The Al Kandari family is a large family in Kuwait. They are of Sunni Muslim Larestani ancestry. The Al Kandari family is not a tribe; as each family may have different ancestors. Therefore the Al Kandari family is simply a sizable family with various sub-families, or families closely related to the Al Kandari family. 

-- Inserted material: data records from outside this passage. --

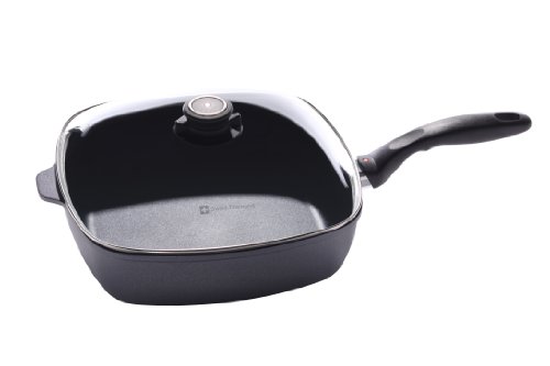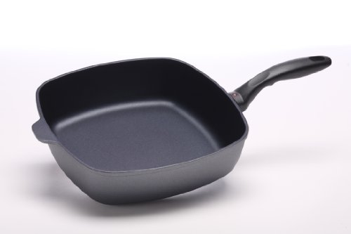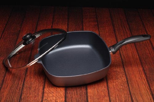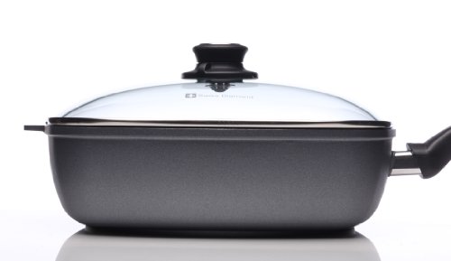 With a unique shape, the Swiss Diamond square saute pan is perfect for sauces, vegetables and meat. Although the pan itself is square, the bottom is round to fit a standard burner, and its cast aluminum construction ensures that even corner areas that do not touch the stove receive equal heat. 11 x 11” Includes lid. The included tempered glass lid allows you to monitor food without lifting the cover, maintaining flavor and keeping food from drying out. The rotating lid knob opens or closes a steam vent to release or contain moisture as needed. Used by discerning home chefs around the world, Swiss Diamond’s PFOA-free cookware features unsurpassed nonstick performance for healthy cooking and easy clean-up. The patented nonstick coating, reinforced with real diamond particles, allows oil-free cooking and cleans up with just warm soapy water. No more scrubbing and soaking! Swiss Diamond’s patented nonstick coating is reinforced with real diamonds for excellent durability and resilience. Why diamonds? Three reasons: they are durable, they are naturally nonstick, and they conduct heat better than any metal. A perfect combination for a lifetime of cooking excellence. Swiss quality is visible in every aspect of Swiss Diamond cookware. Heavy-duty cast aluminum will never warp, while the perfectly flat base distributes heat evenly and will not tip or spin. The rivet-free interior prevents unsightly food build-up that can lead to bacterial growth. The ergonomic handle, designed for comfort and balance, stays cool on the stovetop. All Swiss Diamond products are oven-safe up to 500 degrees F (260 degrees C). Induction model items, like this one, are suitable for all gas, electric and induction cooktops. Made in Switzerland with an eco-friendly production process.Feature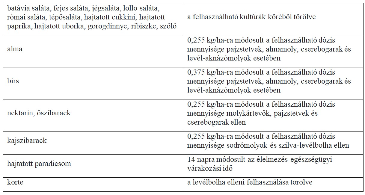 Az acetamiprid hatóanyagú készítmények új szermaradékszintjének alkalmazása 2025. augusztus 19-től válik kötelezővé. A módosításban érintett készítmények 2025. augusztus 18-ig felhasználhatóak a törölt kultúrák esetében, a jelenleg forgalomban lévő címkeszöveg alapján.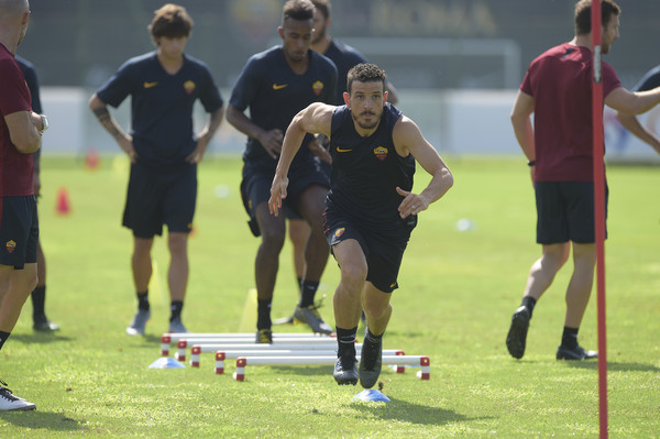10.00 - Prima parte dedicata al riscaldamento ma già da subito si è notata un'intensità particolarmente elevata. A seguire circuito d'attivazione con esercizi di rapidità e cambi di direzione tra le aste. Successivamente la squadra è stata divisa in 3 gruppi per svolgere il torello già visto ieri, con 2 giocatori come avversari. Durante il collegamento dell'emittente televisiva giallorossa si sentono in sottofondo le urla dello staff per alzare il ritmo del lavoro. Il ds Petrachi assiste alla seduta direttamente dal campo.

Notable members of the family now include Mohammed Al-Kandari, a member of Kuwait National Assembly; Anas Al Kandari, a militant who died fighting United States Marines on Failaka Island; and Abdullah Kamel Al Kandari and Fayiz Al Kandari, two Kuwaitis who claimed to have traveled to Afghanistan to provide humanitarian aid, who ended up being sent to the Guantanamo Bay detention camp, in part, because their names, or "known aliases" were found on a "list of 324 names" analysts found suspicious. Fayiz Al Kandari was among the two dozen Guantanamo captives to face charges before a Guantanamo military commission.

Mohammed Al Kandari was first elected in 2008. Anas Al Kandari was killed in October 2002, on Failaka Island, an island off Kuwait's coast. US Marines there on a training exercise were fired upon by Anas Al Kandari and Jassem al-Hajiri. Lance Corporal Antonio J. Sledd was killed and another Marine was injured in the incident. Jassem al-Hajiri was also killed.

Abdullah Kamel Al Kandari was repatriated to Kuwait on September 9, 2006. He faced charges in Kuwatit after he was repatriated, and was acquitted.